Leo que la representación del Estado español boicoteará la celebración de un acto de la UE porque la documentación preparatoria que ha llegado a sus integrantes no está en castellano. Parece que no se trata de ninguna pijotería, sino de un episodio enmarcado dentro de la lucha que se está librando en la UE contra el intento más o menos soterrado de convertir en idiomas preferentes el inglés, el francés y el alemán, reduciendo a una segunda categoría de facto al resto de las lenguas teóricamente oficiales.
Ha tenido lugar ese incidente a las pocas horas de otro a raíz del cual Manuel Marín decidió prohibir que en la tribuna del Congreso de los Diputados español, que él preside, se produzcan intervenciones en cualquiera de las lenguas oficiales distintas del castellano. Aduce Marín que él había decidido permitir que se hablara en otras lenguas de manera más o menos testimonial, brevemente y con traducción rápida, pero que algunos diputados se estaban aprovechando de esa tolerancia para hacer intervenciones cada vez más largas y sin traducir.
En estos asuntos -en ambos- hay que distinguir entre lo que son cuestiones jurídico- formales, de un lado, y lo que son asuntos de fondo, de otro.
Es muy posible que, en términos estrictamente jurídicos, tengan razón tanto los delegados españoles en Bruselas como Marín. Los primeros, porque no hay ninguna norma comunitaria que les obligue a saber inglés, alemán o francés, y menos todavía con el grado de perfección que se requiere para debatir y acordar asuntos que pueden acabar resultando trascendentales.

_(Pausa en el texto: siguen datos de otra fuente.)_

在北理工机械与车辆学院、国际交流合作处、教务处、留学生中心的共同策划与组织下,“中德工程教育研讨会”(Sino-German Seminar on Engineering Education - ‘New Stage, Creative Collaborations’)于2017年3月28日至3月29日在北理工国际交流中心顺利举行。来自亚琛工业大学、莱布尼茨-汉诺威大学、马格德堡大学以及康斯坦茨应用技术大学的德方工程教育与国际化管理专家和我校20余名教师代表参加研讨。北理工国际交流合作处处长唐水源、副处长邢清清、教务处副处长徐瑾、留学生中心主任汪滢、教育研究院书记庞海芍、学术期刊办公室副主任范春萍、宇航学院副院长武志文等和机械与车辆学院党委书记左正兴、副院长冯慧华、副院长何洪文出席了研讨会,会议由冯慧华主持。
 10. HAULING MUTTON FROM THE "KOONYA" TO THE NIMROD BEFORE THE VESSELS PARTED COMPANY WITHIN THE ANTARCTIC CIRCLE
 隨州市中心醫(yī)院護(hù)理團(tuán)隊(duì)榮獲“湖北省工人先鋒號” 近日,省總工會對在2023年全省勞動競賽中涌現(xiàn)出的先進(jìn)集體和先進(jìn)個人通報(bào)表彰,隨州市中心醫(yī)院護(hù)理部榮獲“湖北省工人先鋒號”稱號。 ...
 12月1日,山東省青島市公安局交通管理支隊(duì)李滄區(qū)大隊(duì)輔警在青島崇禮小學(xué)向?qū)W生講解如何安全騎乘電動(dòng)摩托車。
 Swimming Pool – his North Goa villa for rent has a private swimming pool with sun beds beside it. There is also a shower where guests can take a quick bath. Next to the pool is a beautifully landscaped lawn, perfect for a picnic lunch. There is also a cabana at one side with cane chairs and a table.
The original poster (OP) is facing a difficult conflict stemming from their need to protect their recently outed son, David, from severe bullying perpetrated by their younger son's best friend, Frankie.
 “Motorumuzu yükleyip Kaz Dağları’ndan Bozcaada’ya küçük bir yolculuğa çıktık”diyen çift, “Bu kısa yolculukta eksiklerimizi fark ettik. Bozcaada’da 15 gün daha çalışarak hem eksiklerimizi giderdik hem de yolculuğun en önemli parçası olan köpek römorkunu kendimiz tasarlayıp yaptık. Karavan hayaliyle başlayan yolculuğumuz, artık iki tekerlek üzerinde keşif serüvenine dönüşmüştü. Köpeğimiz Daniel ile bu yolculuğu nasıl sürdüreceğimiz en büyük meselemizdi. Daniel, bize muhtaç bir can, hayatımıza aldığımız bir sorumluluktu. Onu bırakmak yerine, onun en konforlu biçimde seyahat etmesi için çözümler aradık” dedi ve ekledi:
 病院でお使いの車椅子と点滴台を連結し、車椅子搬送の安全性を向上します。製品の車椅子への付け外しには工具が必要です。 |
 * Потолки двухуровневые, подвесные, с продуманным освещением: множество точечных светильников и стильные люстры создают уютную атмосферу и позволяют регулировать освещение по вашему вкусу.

También cabe que tenga razón Marín porque quienes se oponen al uso del catalán, el gallego y el euskara en la tribuna del Congreso pueden protestar alegando que no entienden lo que se ha dicho y que, en consecuencia, no pueden debatirlo, y él está obligado a darles amparo, de acuerdo con el reglamento en vigor.
En lo que hay contradicción entre ambas posturas es en cuanto a los argumentos de fondo que están utilizando quienes creen que autorizar el uso de todas las lenguas oficiales del Estado en el Parlamento de Madrid crearía una situación «de torre de Babel», «muy poco práctica», etcétera, y quienes alegan que la UE debe tratar con idéntico respeto y consideración todas las lenguas oficiales de los estados que la componen, las hablen tantos o cuantos. De hecho, los problemas prácticos que plantearía que algunos diputados en Cortes intervinieran en catalán, en gallego o en euskara serían mínimos comparados con los que representa que toda la actividad de la UE deba realizarse en todas las lenguas oficiales. El argumento según el cual el caso del Estado español es diferente, porque aquí todos los ciudadanos se expresan perfectamente en castellano, no vale. Hay diputados a los que se les nota que no se expresan en castellano con la misma fluidez que en su lengua materna, y sus derechos lingüísticos -que son reflejo de los derechos de quienes le han confiado su representación política- merecen tanto respeto como los de cualquier otro.
Una cosa es que pueblos distintos -de distintas culturas, de diferentes tamaños- decidan coordinarse para cubrir en común determinadas necesidades y otra es que opten por su disolución como tales pueblos. La variedad cultural no es sólo enriquecedora; también es trabajosa. No me parece razonable que haya gente que se eche las manos a la cabeza cuando se habla del uso igualitario del catalán, del gallego o del euskara en las instituciones del Estado español y que, en cambio, esté reclamando que sean tratadas en plano de igualdad las lenguas oficiales de todos los estados de la UE, lo cual incluye -por ejemplo- al maltés, variedad del árabe magrebí hablada por una proporción realmente mínima de la población comunitaria.
Más problemático que todo esto es decidir qué hacemos con los parlamentarios que se expresan horriblemente en castellano... y que no conocen ninguna otra lengua. Tampoco.
Javier Ortiz. Apuntes del natural (3 de marzo de 2005). Subido a "Desde Jamaica" el 19 de noviembre de 2017.